Director Terry Zwigoff knows how to do artists; we know this from Crumb. And he knows how to do Daniel Clowes adaptations; we know this from Ghost World. So I'm at a loss to explain how Art School Confidential, which by every possible indication ought to have been a slam-dunk, ended up being so empty-headed.

The film is a satire of the contemporary art world, seen through the eyes of Jerome (Max Minghella, son of director Anthony), a freshman at the prestigious Strathmore Academy in New York. Upon meeting the faculty and alumni of the school, he finds that modern-day art scholars don't know shit about shit. Which doesn't bother Jerome all that much, because he's really only in the game to get laid, and he's only offended by the compromised aesthetic at Strathmore because it devalues his own work.

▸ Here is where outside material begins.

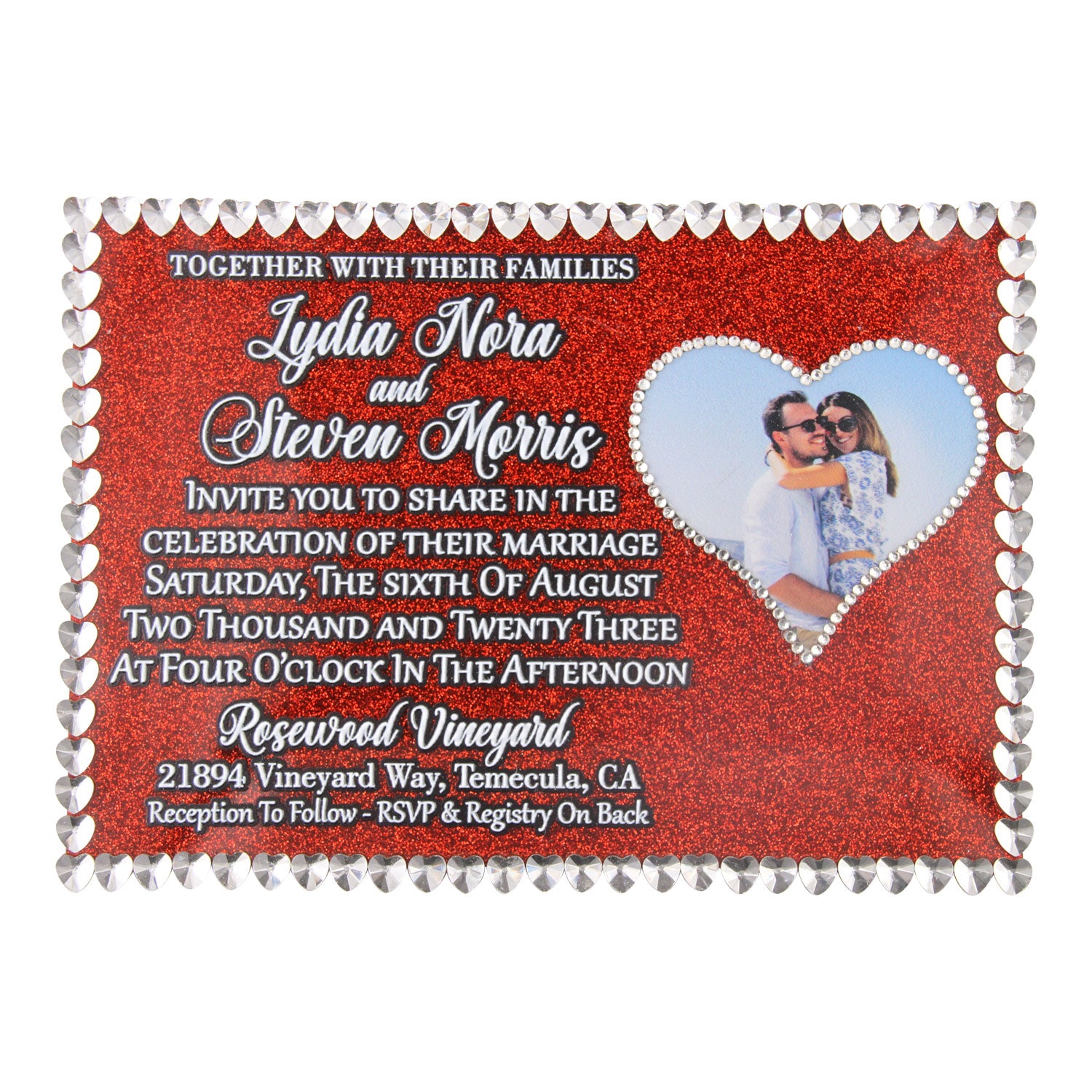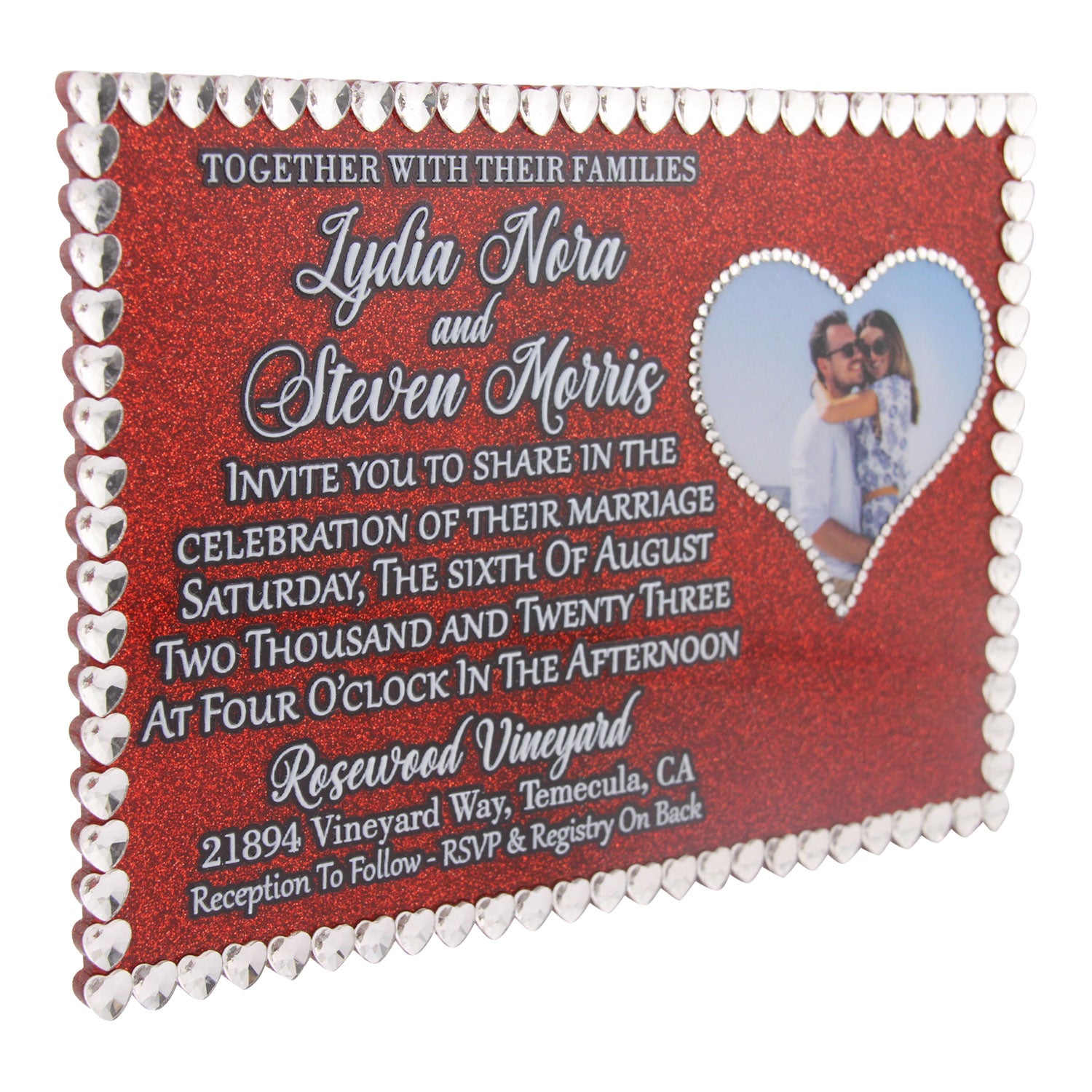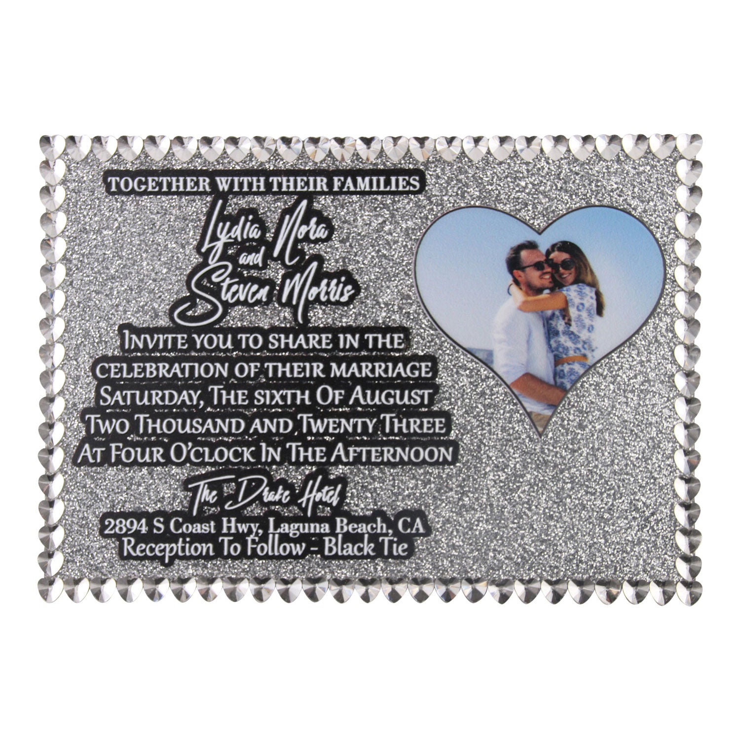 Elevate your special day with our Heart Rhinestone Wedding Invitation. This acrylic invitation boasts a hand-placed rhinestone heart border, LED UV printed text, and a customizable heart photo. Choose from 38 stunning 3mm acrylic colors to create an exclusive and sophisticated invitation that will impress your guests.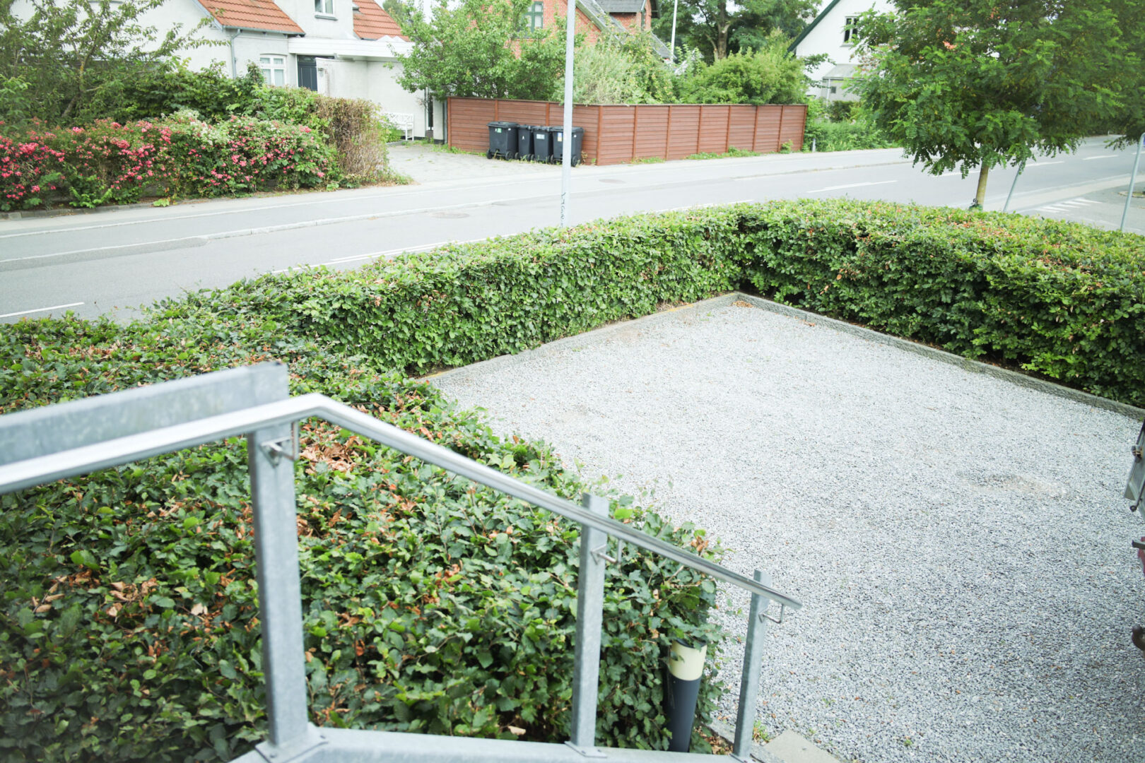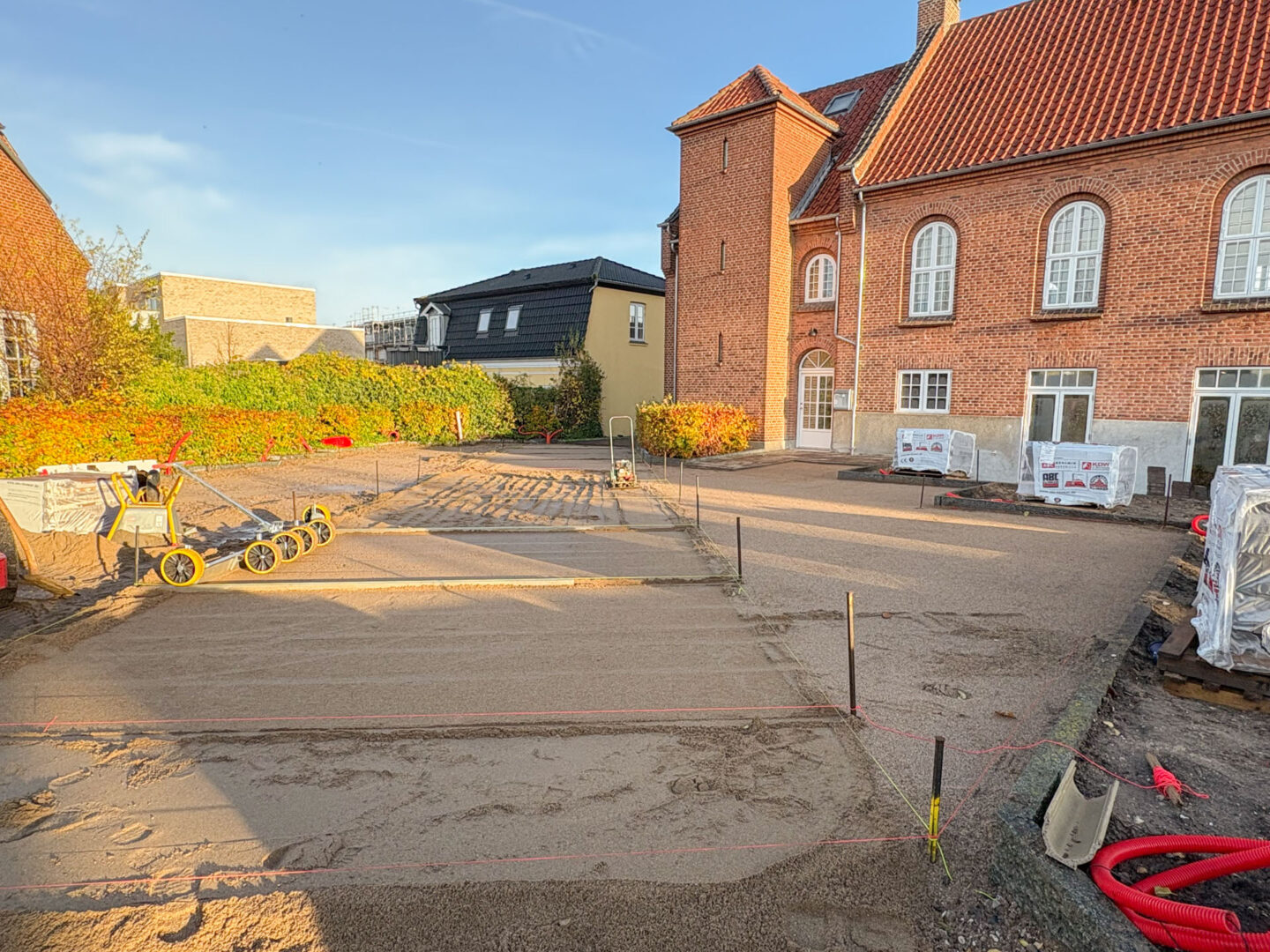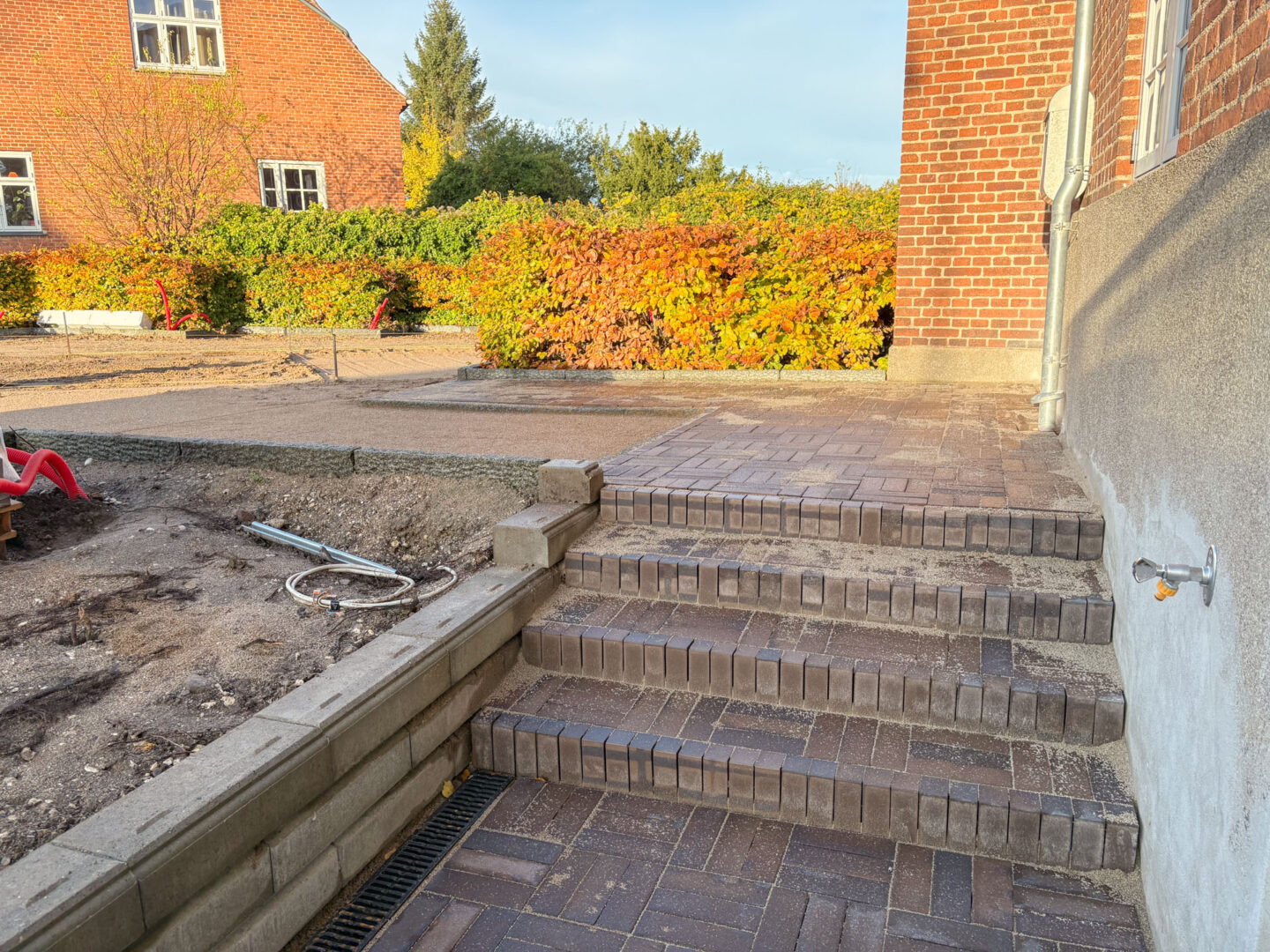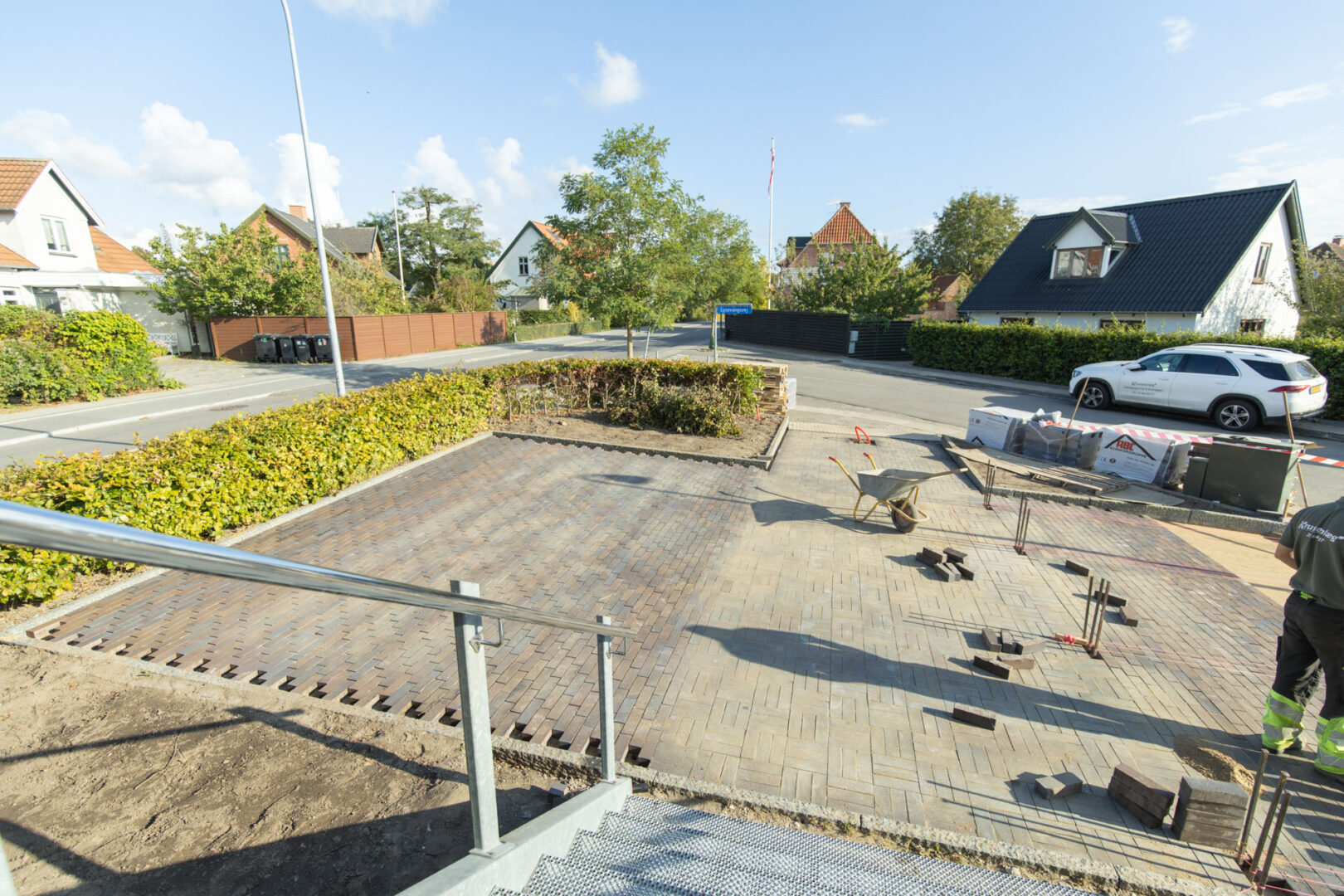 Udvendigt anlægges ny terrasse og belægning i parkeringsarealer – og der udføres ny beplantning og træer på grunden.

The problem I have with the film is less that it makes all "great" contemporary art out to be the uninteresting work of talentless idiots (a point that I don't necessarily disagree with), and more that it's content to pursue that idea using the cheapest possible shots. From the very opening moments of the film, it's clear that the agenda will be sophomoric mockery, as we see a montage of Strathmore students revealed as posers. And not to say it's not funny, at times - in particular, I enjoyed John Malkovich's turn as a vacuous egocentrist (he brags that he was one of the first to paint triangles) - but mockery can only bring you so far. Satire works best when the creators can demonstrate how much smarter they (and by extension the audience) are than the idiots onscreen. Pointing and chortling doesn't really do that, but that's all the film is interested in, even bringing in a character, Jerome's new bestest friend Bardo (Joel Moore) whose sole purpose is to make snarky comments about clichés, not realizing that Ironist is itself a cliché these days.

So what gets laughed at? Horribly bad filmmakers (Jerome's roommate is a Kevin Smith clone making a slasher-documentary), wunderkinds (Jerome's antagonist is an amateur - literally, we'll find out - whose childlike doodlings are praised by all of Jerome's classmates), art dealers (I can't explain why without spoiling the plot). One character is not mocked throughout the entire film, and that is the teacher played by Anjelica Huston. I think it is not accidental that she is also the only character besides Jerome who seems to care at all for art made before the early 1990's (and the film does take a decidedly conservative, even anti-intellectual approach to art, which makes sense in a way, given Zwigoff's relationship to Robert Crumb, who would have been quickly drummed from a place like Strathmore).

Other less-objectionable characters include Audrey (Sophia Myles), the nude model who becomes the object of all Jerome's desires, and Jimmy (Jim Broadbent, having no idea what to do with his accent), a Strathmore grad and great failure who teaches Jerome that the only way to find success is bribery and sex (he also gives the film a jolt of ugly, and misplaced homophobia, that dies quickly and goes nowhere). Steve Buscemi is uncredited as the local coffeeshop owner who prides himself on giving new artists their first step towards greatness, and gives the best (or at least subtlest) performance in the film.

I'd kind of like it if that were all the film had going on, because it does atmosphere and attitude well enough. But there comes a point when the plot begins, in which a serial killer stalking campus begins to strike with greater frequency, and Lord Contrivance graces the film with his presence. Perhaps if the film had started out as a murder mystery, I would have liked it a bit more, but that it comes midway through the second act gives the whole thing a lopsided feel.

In total, there's just not a lot happening here. The film lives and dies on its one-note script, and sometimes the note is played very well, but more often it's just kind of...there.